→ **Required action**:
Write out, exactly and in full, the line where "This hand crafted" appears together with all lines that follow it in the entries below. Do not include pictures.

================================

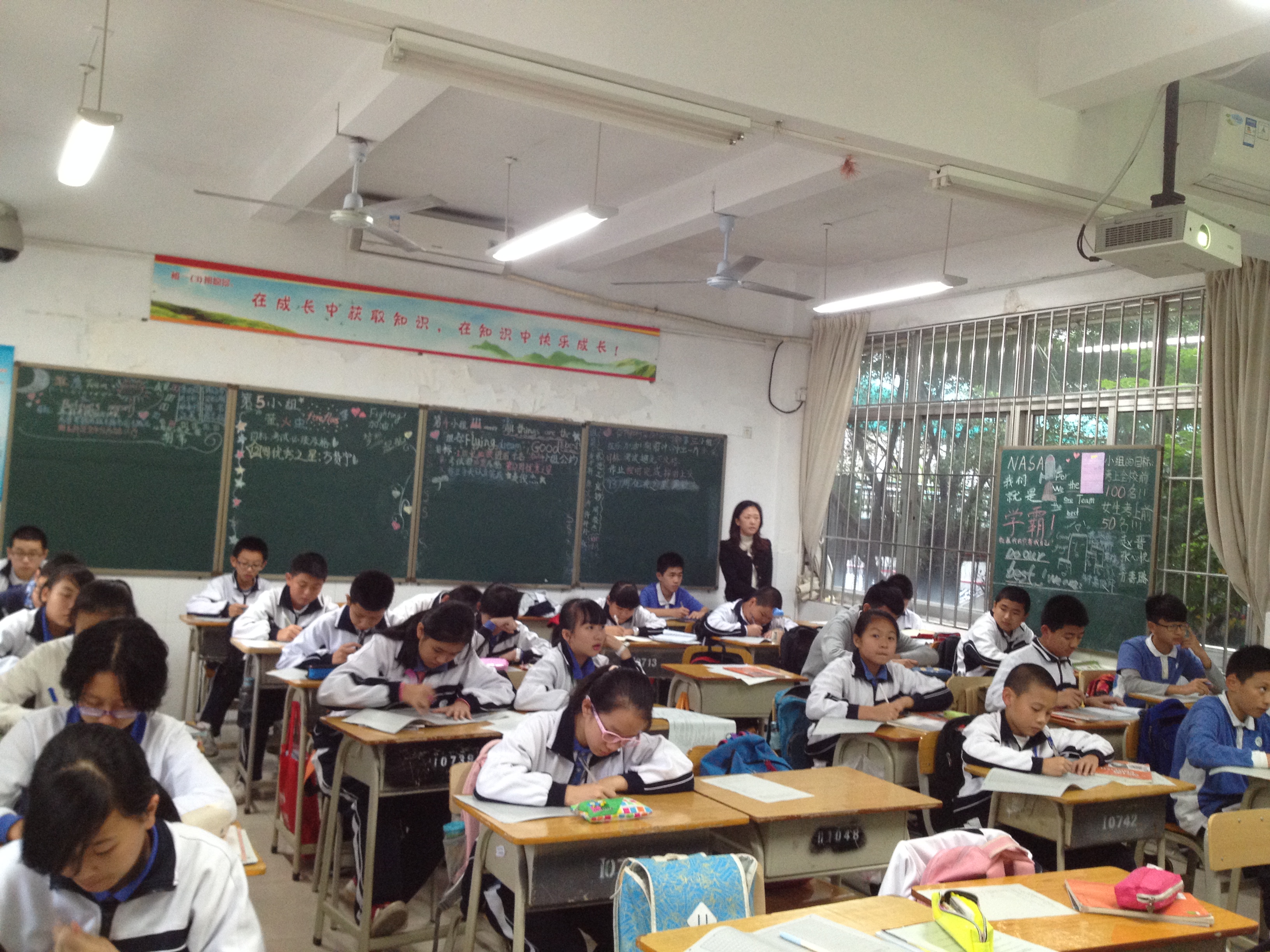 12月3日第九节课,初一年级各个教室大屏幕上展示着我们的校园像一首乐曲,像一座花园,像一枚宝石,像一罐蜜糖,像一缕阳光。 同学们,在我们的校园里,你的班级、同学、老师,你所学习的科目;你参加的活动或许校园里的一处景物一定有让你欢喜心动的时候吧。请以:《我真喜欢——》为题写作 要求:将题目补充完整,可 以填写某一个科目、老师、班级、活动、校园一景等;字数不少于600字。全体初一学生奋笔疾书,抒发着他们对学校、班级和老师等的真情。
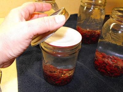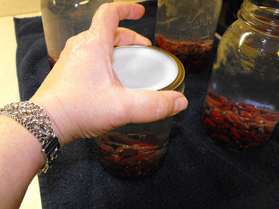 Here I am testing the wide mouth lids. The first time I tried them, I put the seal and the lids on separately....and they did not seal. The second time, when I put the seal on the lid before I applied it to the jar, it did seal. For me, after checking to see if you have a seal with the wide-mouth, then put the rings back on tightly and check the next day to be sure. That seemed to work best for me.
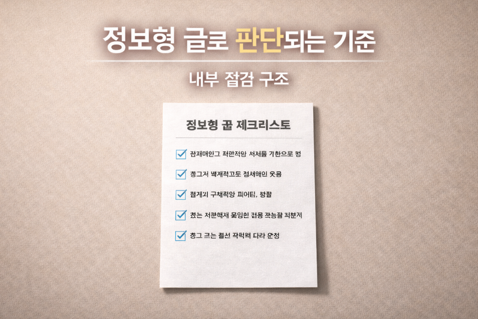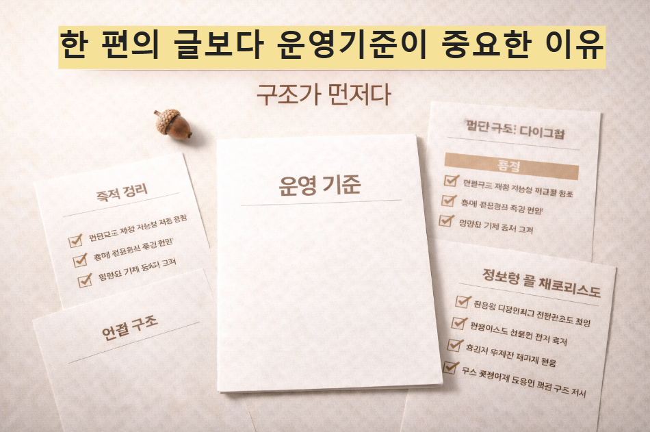 정보 저장소형 블로그의 글 배치 전략— 무엇을 어디에 두는지가 방향을 결정한다배치는 디자인이 아니라 전략이다많은 블로그가글의 내용에는 신경을 쓰지만배치에는 전략을 두지 않는다.그러나 애드센스 심사와플랫폼 신뢰를 동시에 고려하면다음 질문이 중요해진다.이 블로그는처음 들어왔을 때 무엇이 먼저 보이는가?배치는 미적 요소가 아니라운영 의도를 드러내는 구조 신호다.이 글은정보 저장소형 블로그가어떤 기준으로 글을 배치하는지 정리한 문서다.1. 상단에는 ‘기준 문서’를 둔다상단 영역은블로그의 방향을 정의하는 공간이다.여기에 단기 정보나일상 기록이 배치되면정체성은 약해진다.정보 저장소형 블로그는상단에 다음을 배치한다.정체성 선언 글운영 기준 문서구조 설명 글이 배치는“이 블로그는 무엇을 하는 공간인가”를즉시 설명한다...
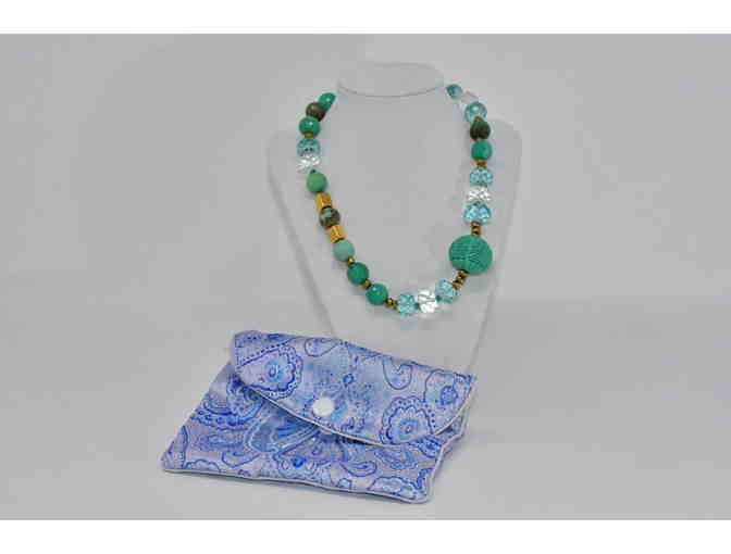 This hand crafted jade inspired costume necklace features beads in gold, green, clear, and blue with a relief carved Asian design. The necklace measures 19 inches and has a magnetci closure.
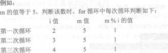 变量i是循环变量,m的值等于循环变量的终值,即要进行判断的数。表达式含义:

================================

→ **Result of this task**:
 This hand crafted jade inspired costume necklace features beads in gold, green, clear, and blue with a relief carved Asian design. The necklace measures 19 inches and has a magnetci closure.
 变量i是循环变量,m的值等于循环变量的终值,即要进行判断的数。表达式含义:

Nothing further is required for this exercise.